*** Material shown Section Begins ***
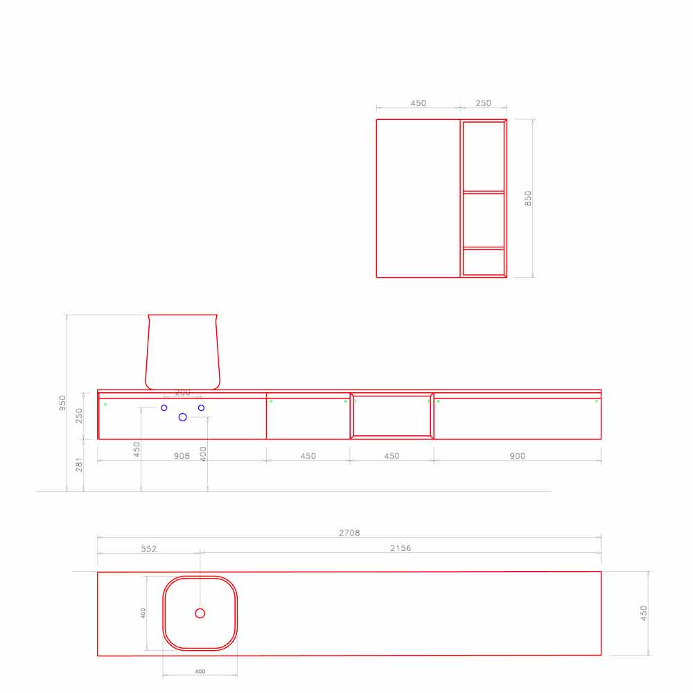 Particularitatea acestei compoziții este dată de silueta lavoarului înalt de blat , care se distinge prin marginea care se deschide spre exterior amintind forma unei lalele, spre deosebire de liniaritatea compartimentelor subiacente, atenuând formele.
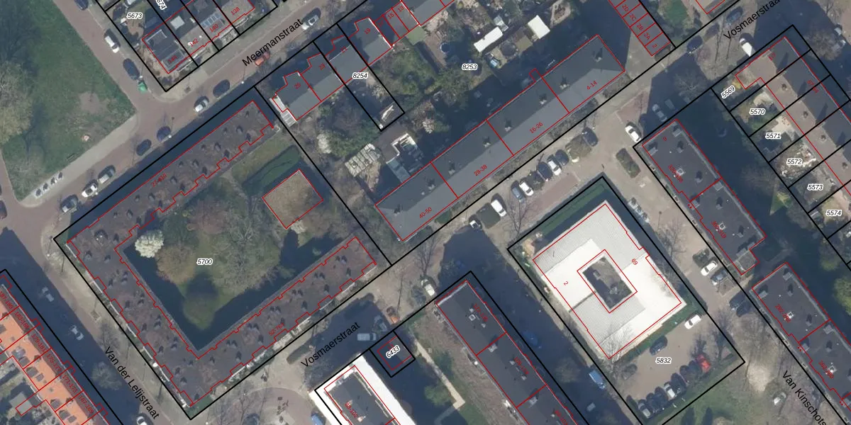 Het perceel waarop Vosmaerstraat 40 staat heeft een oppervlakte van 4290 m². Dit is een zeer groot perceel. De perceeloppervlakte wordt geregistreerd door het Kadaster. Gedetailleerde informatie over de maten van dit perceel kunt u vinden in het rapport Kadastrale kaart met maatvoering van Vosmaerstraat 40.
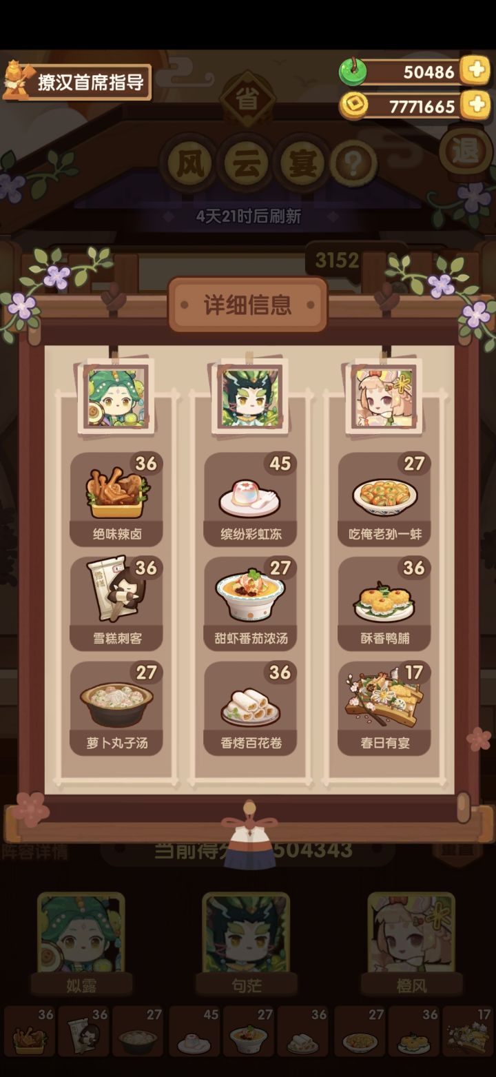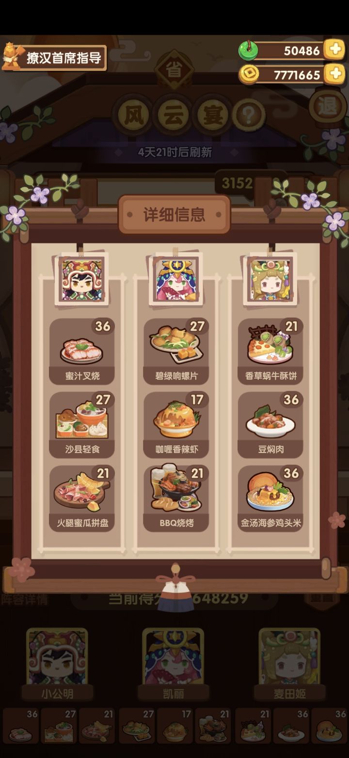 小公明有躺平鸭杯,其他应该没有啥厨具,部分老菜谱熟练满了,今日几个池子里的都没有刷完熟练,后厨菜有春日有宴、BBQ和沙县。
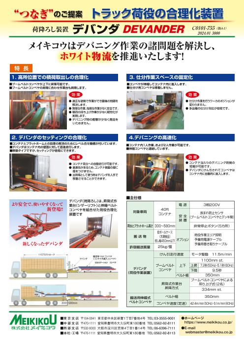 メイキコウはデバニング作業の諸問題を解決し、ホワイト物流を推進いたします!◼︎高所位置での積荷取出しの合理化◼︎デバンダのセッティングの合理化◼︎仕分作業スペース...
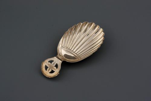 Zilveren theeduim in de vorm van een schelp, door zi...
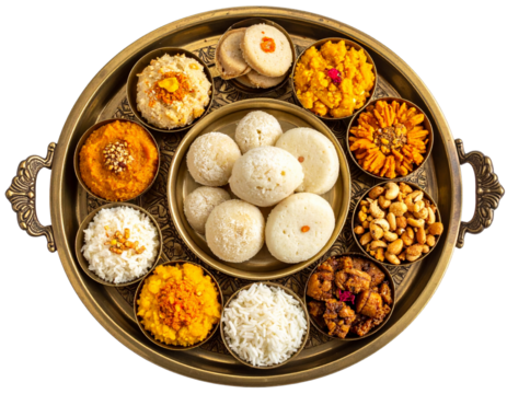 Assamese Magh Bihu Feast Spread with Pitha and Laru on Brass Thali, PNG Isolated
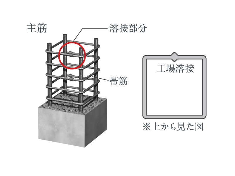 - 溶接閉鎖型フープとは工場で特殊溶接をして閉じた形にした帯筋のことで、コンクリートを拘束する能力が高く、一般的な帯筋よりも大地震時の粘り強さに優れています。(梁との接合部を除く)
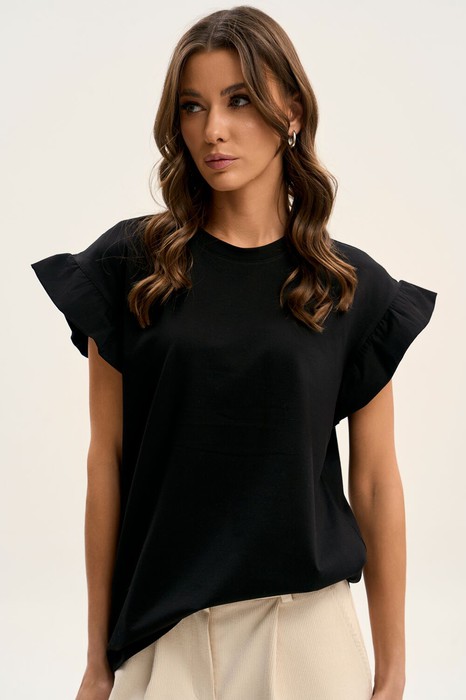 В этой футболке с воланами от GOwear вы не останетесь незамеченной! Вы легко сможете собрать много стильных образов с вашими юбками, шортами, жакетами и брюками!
*** Material shown Section Ends ***
*** Material shown Section Begins ***
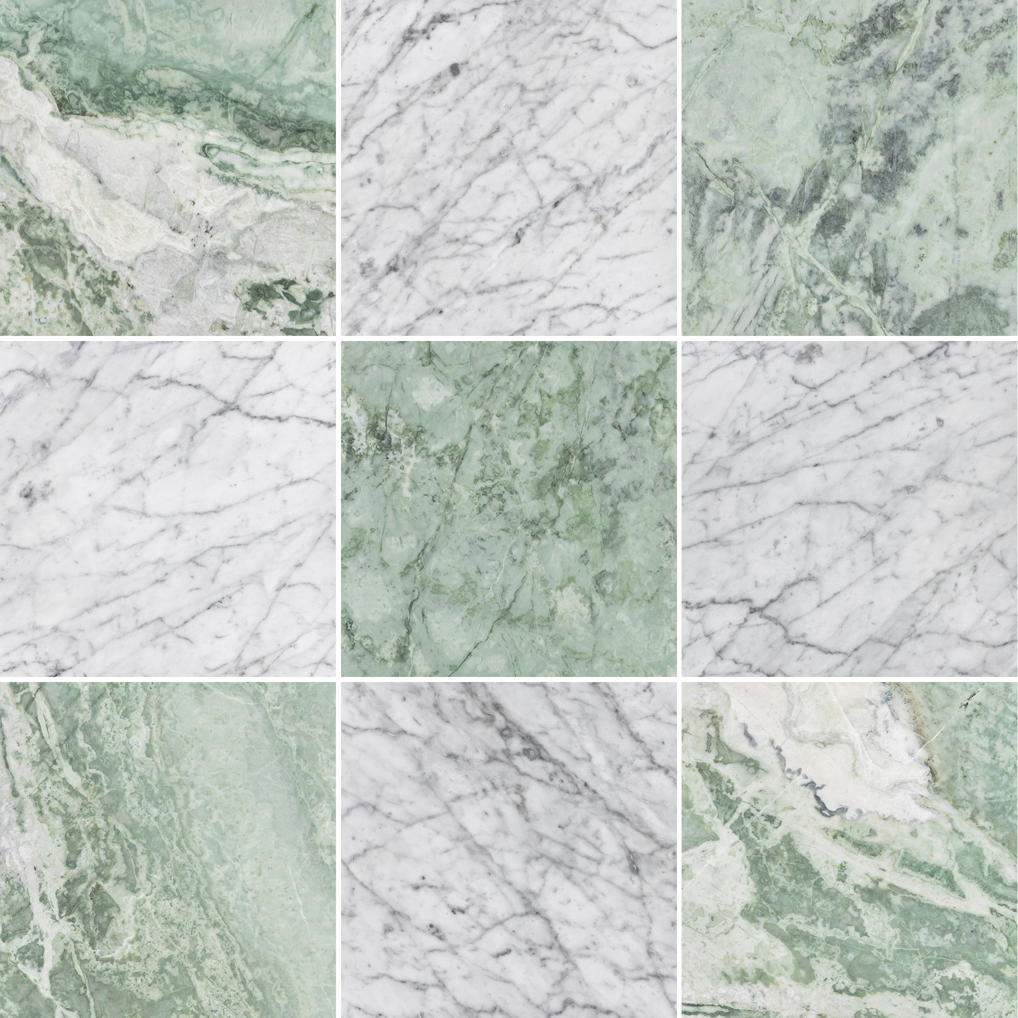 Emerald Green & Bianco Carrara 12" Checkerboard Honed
*** Material shown Section Ends ***
• Exercise details
Your reply is to be an exact repeat of the listing above from the line holding "- 溶接閉鎖型フープとは工場" down to the line holding "В этой футболке", ends included, pictures excluded.

• Task output
 - 溶接閉鎖型フープとは工場で特殊溶接をして閉じた形にした帯筋のことで、コンクリートを拘束する能力が高く、一般的な帯筋よりも大地震時の粘り強さに優れています。(梁との接合部を除く)
 В этой футболке с воланами от GOwear вы не останетесь незамеченной! Вы легко сможете собрать много стильных образов с вашими юбками, шортами, жакетами и брюками!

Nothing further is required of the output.